Mont Blanc Forges Cluster from Smartphone Chips

By Timothy Prickett Morgan

November 22, 2013

The Mont Blanc project, an effort by a number of European supercomputing centers and vendors that seeks to create an energy-efficient supercomputer based on ARM processors and GPU coprocessors, has put together its third prototype. That is one more step on the path to an exascale system.

The third generation machine, which is being shown off at the SC13 conference in Denver this week, is by far the most elegant one that the Mont Blanc project has created thus far. This prototype supercomputer actually bears the name of the project this time around, and was preceded by the Tibidabo and Petraforca clusters, which were based on a different collection of ARM processors and GPU accelerators.

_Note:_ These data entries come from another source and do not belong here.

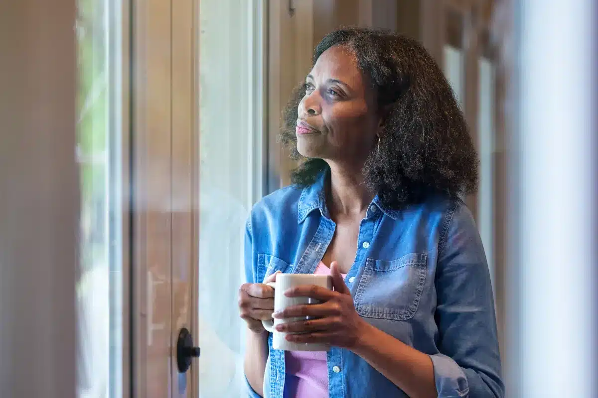 Mulher pensativa segurando uma caneca branca enquanto observa pela janela.
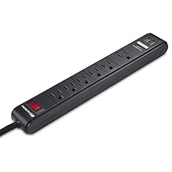 RELIABLE SURGE PROTECTION provides a 300 joules suppression rating to protect up to eight connected devices; Power-saving ON/OFF switch provides a quick way to turn off equipment when not in use
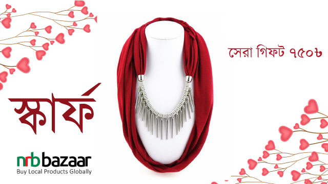 এন আর বি বাজারের সংগ্রহে আছে বেশ কিছু ট্রেন্ডি স্কার্ফ। এগুলো এক্সক্লুসিভ, কারণ এগুলোর সাথেই আছে আকর্ষনীয় নেকলেস। দেখে নিন এবং অর্ডার করুনঃ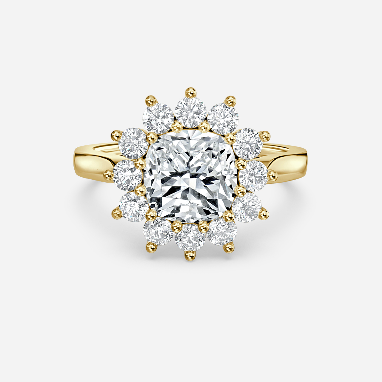 A yellow gold cluster diamond engagement ring is a stunning and unique piece of jewelry featuring a cluster of intricate stones set in a stylish design. It is perfect for expressing your everlasting love and commitment. Handcrafted in Hatton Gardens, London. Centre Diamond Not Included Setting Only

Just because this design is elegant, don’t get the wrong idea, though. The Mont Blanc machine is still a prototype, cautions Alex Ramirez, leader of the Heterogeneous Architectures Research Group at BSC who heads up the Mont Blanc project.

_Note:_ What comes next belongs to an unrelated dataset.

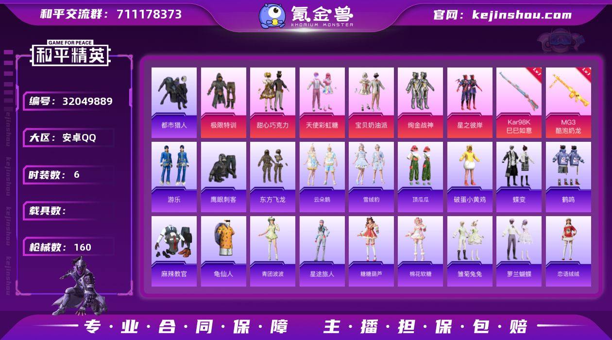 M1046687【男神素材身法号6粉装-4特效枪 巧克力三姐妹 绚金战神,极限特训 都市猎人,暗影哥特,浪漫天命 地铁满天赋】安卓手Q-6粉装-4特效枪-119套装-160枪皮-6王牌印记-荣耀皇冠Ⅳ-43811热力值【6粉装】星之彼岸,宝贝奶油派,天使彩虹糖,甜心巧克力,绚金战神,极限特训【4特效枪】MG3-酷泡奶龙[7级],Kar98K-巳巳如意[5级],DP-28-豹影疾电[5级],Mk14-福马献瑞[1级]【4稀有】都市猎人,暗影哥特,浪漫天命,AKM-奇异狩猎者【6飞行器】炫彩糖果飞行器,狂鲨锋刃飞行器,异域银装飞行器,提桶跑路飞行器,鸡智如我飞行器,顶峰精英尾迹【2头盔】甜心宝贝头盔,幻影战神头盔【3背包】幻影战神背包,甜心宝贝背包,深海小丑鱼背包【265其它衣服和枪皮】风迹短诗,小鸟芋圆,王牌教练,水银刺客,青翼流星,智谋强哥,快闪甜心,明鸳圣池,SS26特训,霓虹街区,湖蓝色名流,漫步者,午间小调,红色运动,森林游猎者,SS37特训,异域银装,灼焰舞者,龙的传人,蓝彩潮人,东方飞龙,SS36特训,巳巳如意,蓝调潮人,柠萌假日,雪绒豹,鱼渊荷华,燕燕于飞,炫彩糖果,福马献瑞,街头潮人,猛禽,星梦畅游,角色-时希公主,粉红小猪,薄荷星砂,光之冒险,萝兰蝴蝶,雪鹰学院,SS25特训,SS33特训,角色-忠真马岱,龟仙人,粉恋花,蓝色运动,恶魔人蛛,SS30特训,野性战心,白色伏地魔,游乐,SS34特训,粉黛兰香,绯格组合,空岛之星,魅力单车,旭日情侣,大橘大利,鹤鸣,冰冻风暴,SS23特训,冷酷挑战者,云朵鹅,雏菊兔兔,鹰眼刺客,街头风暴,糖糖葫芦,黄色运动,狙击之神,旷野奇兵,棉花软糖,SS31特训,顶瓜瓜,缤纷果语,星途旅人,SS22特训,竞技名士,SS35特训,长空猛禽,摇滚舞王,SS32特训,蓝冰羽,萌黄之夏,黄色伏地魔,金耀舞者,SS29特训,龙魂突击队,SS24特训,擎苍青焰,元气之梦,幻世保卫者,晨曦薄雾,凌霄紫焰,紫幽梦,超能勇士,破晓战魂,蝶变,破蛋小黄鸡,甜蜜告白,特战装甲,青团波波,幻世战舞者,麻辣教官,...

“In order to make this a production product, we would have to go through at least one more generation,” he says.

It stands to reason that the Mont Blanc project is waiting for the day when 64-bit ARM chips with integrated interconnects and faster GPUs are available before going into production. But for now, software can be ported to these prototypes and things can be learned about where the performance bottlenecks are and what reliability issues there might be.

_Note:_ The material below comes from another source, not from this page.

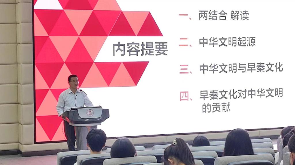 启动仪式结束后,蒲向明教授作了题为“中华文明探源与早期秦文化”的专题报告,分别从“两结合”、中华文明起源、中华文明与早秦文化及早秦文化对中华文明起源中华文明的贡献等方面进行了深入剖析。他指出,秦文化源远流长、博大精深,在中华优秀传统文化中具有重要位置,是中华文明探源的重要组成部分。他勉励青年学生要扎实深入学习二十大精神,要把马克思主义思想精髓同中华优秀传统文化精华融通起来、同人民群众日用而不觉的共同价值观念融通起来,不断赋予科学理论鲜明的中国特色。

The exact size of the Mont Blanc prototype cluster has not been determined yet, but Ramirez says it will have two or three racks of ARM-powered nodes. “It will be big enough to make scalability and reliability claims, but we are trying to keep the cost down on a machine that is not a production system,” he says.

Mont-Blanc-blade-carrier

The server node in the Mont Blanc system is based on the Exynos 5 system-on-chip made by Samsung, which is a dual-core ARM Cortex-A15 with an ARM Mali-T604 GPU on the die. The ARM CPU portion of the system-on-chip has about twice the performance of the quad-core Cortex-A9 processor used on the Petraforca prototype that was put together earlier this year. (There were actually two versions, but the second one is more important.) That machine used Nvidia Tesla K20 GPU coprocessors to test out how a wimpy CPU and a brawny GPU might be married. Specifically, the ARM processors, which were Tegra 3 chips running at 1.3 GHz, were put into a Mini-ITX system board with one I/O slot that was linked to a PCI-Express switch that in turn had one GPU and one ConnectX-3 40 Gb/sec InfiniBand adapter card.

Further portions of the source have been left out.